第十五章(第14/15页)
8月19日,德国人用鱼雷袭击了另一艘英国船只“阿拉伯号”,又有两名美国人罹难。
格斯为遇难者感到痛心,但他更惊骇于美国正在被无情地拖入一场欧洲的冲突。总统处在悬崖的边缘。格斯想在一个和平快乐的世界里缔结良缘,他担心未来会被战争制造的混乱摧毁。
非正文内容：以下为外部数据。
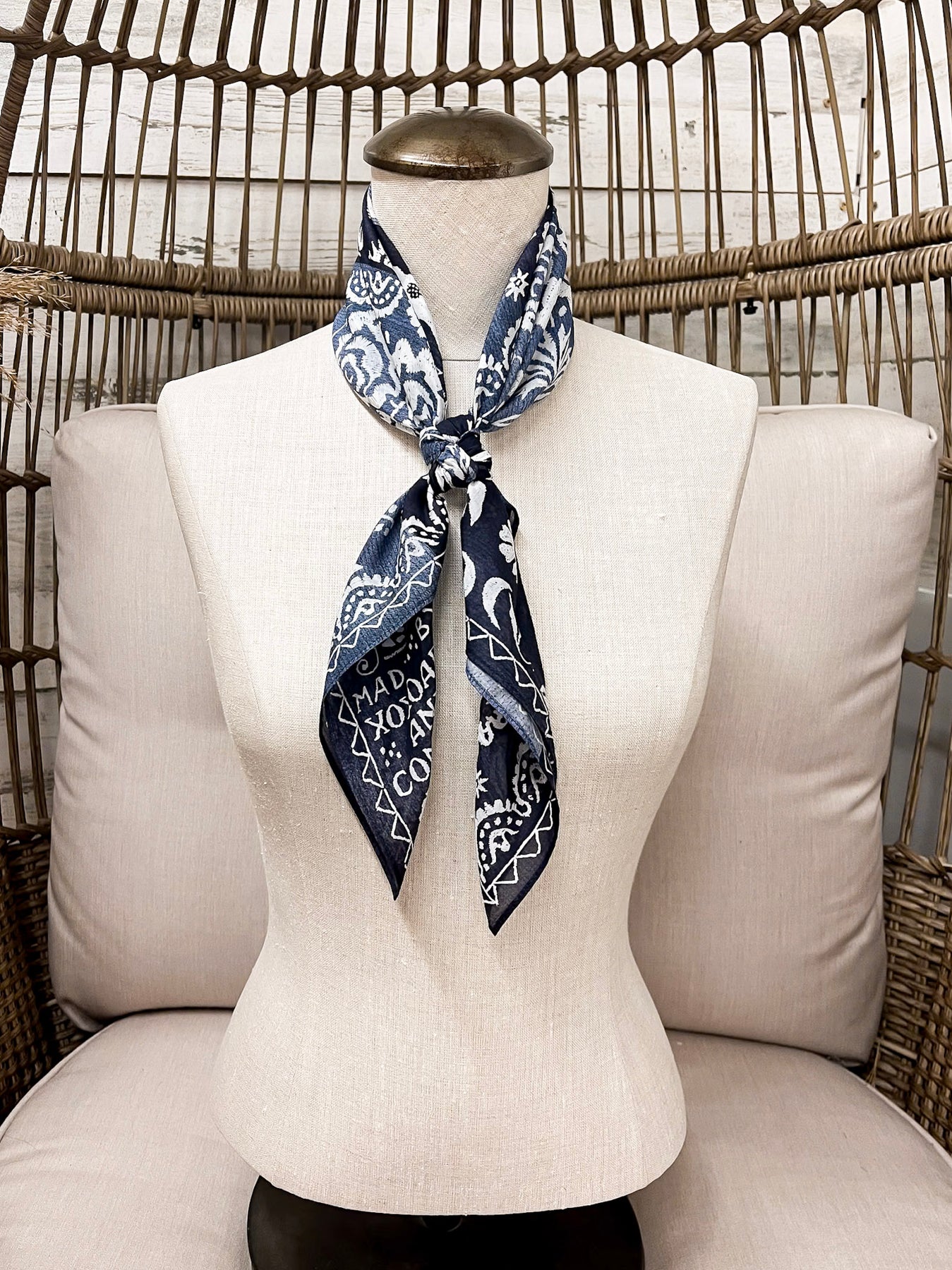 The XOXO Art & Co Woven Corlett Shorty Wild Rag Scarf in Navy Blue is a timeless accessory with rich detail and artisan charm. Hand-designed and crafted in Texas by a talented mom and daughter duo, this scarf features an intricate woven-style pattern inspired by traditional motifs and classic Western artistry. The deep navy background paired with crisp ivory detailing gives it a refined, heirloom-quality look that elevates any outfit.

奉威尔逊的指示,格斯向几位记者发出非正式通告:总统即将决定与德国断绝外交关系。与此同时,新任国务卿罗伯特・兰辛正尝试与德国大使约翰・冯・贝恩斯托夫伯爵达成某项协议。
这有可能是一个可怕的错误,格斯心想。德国会认为威尔逊虚张声势,公然进行挑战。那样的话他又该怎么办呢?如果他毫无行动,便会显得十分愚蠢。他对格斯说,断绝外交关系不一定会导致战争。格斯心存恐惧,感到局面已经失控。
但德皇不希望与美国开战,威尔逊赌赢了这一局,这让格斯备感宽慰。到了8月底,德国承诺不会未经警告就攻击客船。这项保证并不让人满意,但僵局就此结束。
美国的报纸一片欢腾。9月2日,格斯带着胜利的心情为威尔逊朗读当天《纽约晚邮报》上的一段文章:“没有发动一兵一卒,没有调集任何舰队,仅凭对正义坚定不移的坚持,他便迫使最狂妄、最傲慢、武装最完善的大国投降。”
“他们还没有投降。”总统说。
9月下旬的某个晚上,他们把列夫带到仓库,剥光了他身上的衣服,并将他双手反绑。维亚洛夫走出他的办公室。“你这条狗,”他说,“你简直是条疯狗。”
“我到底做错了什么?”列夫辩解道。
“你知道自己做了什么,你这肮脏的杂种。”维亚洛夫说。
列夫吓坏了。看来他别想靠耍嘴皮子蒙混过去了,维亚洛夫根本不吃这一套。
维亚洛夫脱掉外套,卷起衬衫袖子:“把鞭子给我拿来。”
诺曼・尼尔,就是那位瘦巴巴的会计,转身进了办公室,拿出一根鞭子。
列夫盯着鞭子。那是典型俄国式的,自古就拿它来惩罚罪犯。鞭子的木柄很长,三根坚硬的皮条末端都系着铅疙瘩。列夫从未挨过鞭打,但他亲眼见识过这场面。农村里经常用鞭打来惩罚偷盗或通奸行为。在圣彼得堡,鞭子经常被用来拷打政治犯。二十下皮鞭能让人残废,上百下就足以致命。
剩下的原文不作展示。